Brent, the international oil benchmark, fell 9.5% to US$102.77 a barrel. That’s down from over US$120 a barrel a month ago and the biggest single-day drop since March. Demand for fuel generally drops along with a slowdown in economic growth as consumers travel and buy less.
Copper — regarded by many as an economic bellwether — dropped to the lowest price it has traded in 19 months.
“Oil prices are beginning to price in a much higher risk of recession,” said Matt Miskin, co-chief investment strategist at John Hancock Investment Management.
The S&P/ASX 200 ended 0.25% firmer at 6629.3 in local trade after the Reserve Bank raised rates and stood by its intent to cut inflation.
The Reserve Bank issued its second consecutive half-percentage point interest-rate hike, something economists broadly expected. The bank said additional measures to curb prices were probable.
The benchmark index was 1.4% higher this week, driven by advances in gold, energy, and tech stocks.
Regis Resources rallied 11% to lead the sector higher after 4Q production came in above target.
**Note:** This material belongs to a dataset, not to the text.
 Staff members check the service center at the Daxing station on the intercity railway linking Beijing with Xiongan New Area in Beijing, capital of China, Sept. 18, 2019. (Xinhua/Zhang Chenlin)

Shares in Santos, Beach, and Woodside climbed between 0.4% and 3.8% as the energy sector gained 2.2% with the help of rising oil prices.
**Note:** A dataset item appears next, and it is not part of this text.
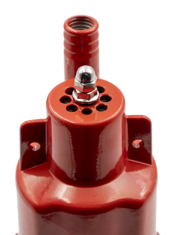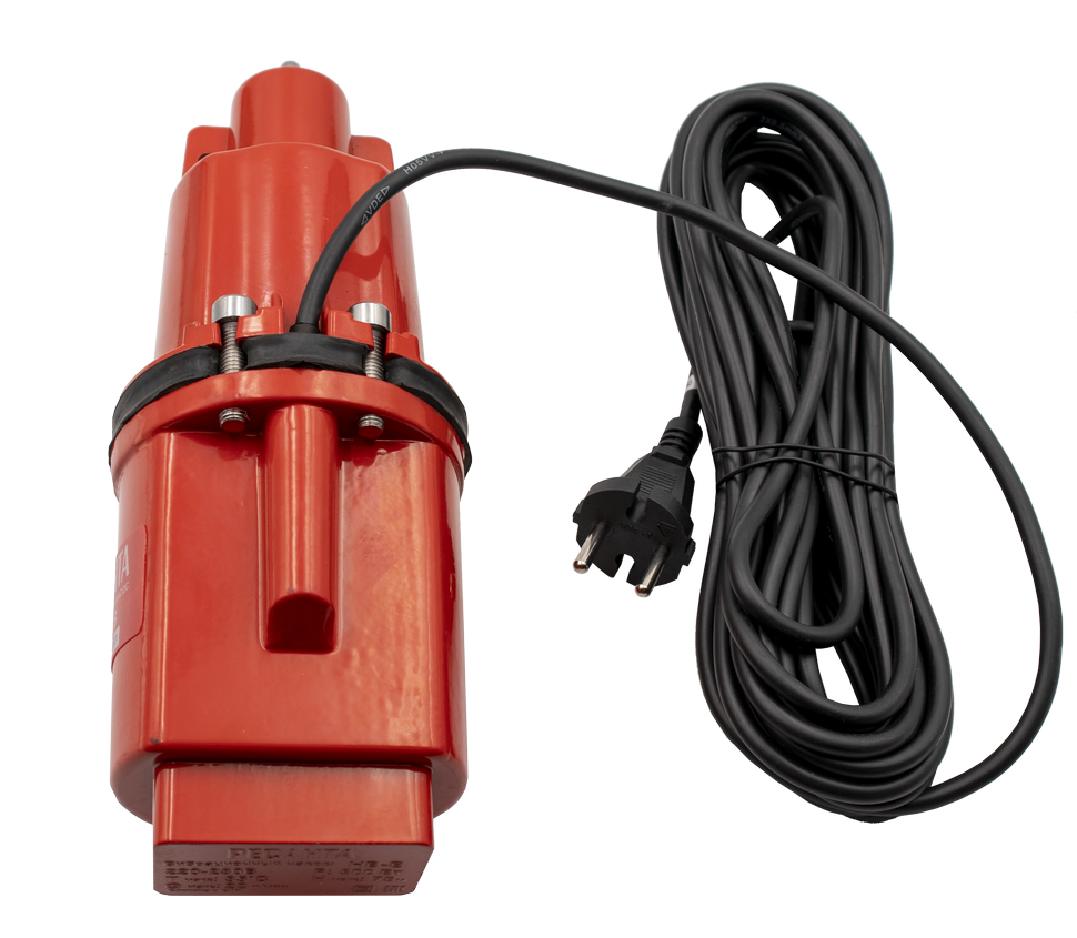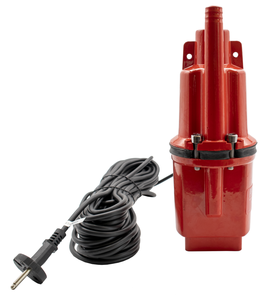 Вибрационный насос оснащен алюминиевым корпусом. Водозабор происходит в верхней части устройства. Погружать его можно на глубину до 3 м. При этом важно следить за чистотой воды, доля песка и других примесей не должна составлять более 0,01%. Длина электрокабеля составляет 15 м, дополнительно корпус оснащен тросом для удобства переноски и фиксации.

Brainchip and Life360 both climbed 11% as battered tech stocks bounced back.
In commodity markets, Iron ore gained 4% to US$114.30 while spot gold dropped 2.3% to US$1766.07.
Local bond markets were little moved after the Reserve Bank’s widely-expected 0.5 percent rate hike. The yield on the Australian 2 Year government bond was up a basis point at 2.43%, while that on the 10 Year was down a basis point to 3.54%. Over in the US, the yield of 2 Year US Treasury notes dipped to 2.82%, and the yield of the 10 Year US Treasury notes lost to 2.81%.
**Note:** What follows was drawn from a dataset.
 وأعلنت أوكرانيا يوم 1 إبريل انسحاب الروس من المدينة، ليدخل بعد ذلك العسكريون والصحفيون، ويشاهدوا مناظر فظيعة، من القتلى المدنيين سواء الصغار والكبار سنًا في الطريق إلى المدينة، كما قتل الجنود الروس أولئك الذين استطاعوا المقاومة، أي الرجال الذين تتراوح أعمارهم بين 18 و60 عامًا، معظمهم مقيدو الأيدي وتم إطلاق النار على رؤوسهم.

The Australian dollar fell to 67.94 US cents from 68.63 at the previous close. The Wall Street Journal Dollar Index, which measures the US dollar against 16 other currencies, soared to 98.69.
Asia
China stocks closed lower, as the market continued a rangebound consolidation trend in recent trading sessions as investor sentiment has soured on global equities. The main Shanghai Composite Index dipped 1.40 points to finish at 3404.03, while the Shenzhen Composite Index lost 0.5% to 2232.98. The ChiNext Price Index, which is heavy on tech stocks, shed 0.3% to finish at 2825.13. Consumer goods and services companies led the retreat, as the sectors retreated from recent gains that had been fueled by the measures, including vouchers and tax cuts, from Beijing to revive the economy.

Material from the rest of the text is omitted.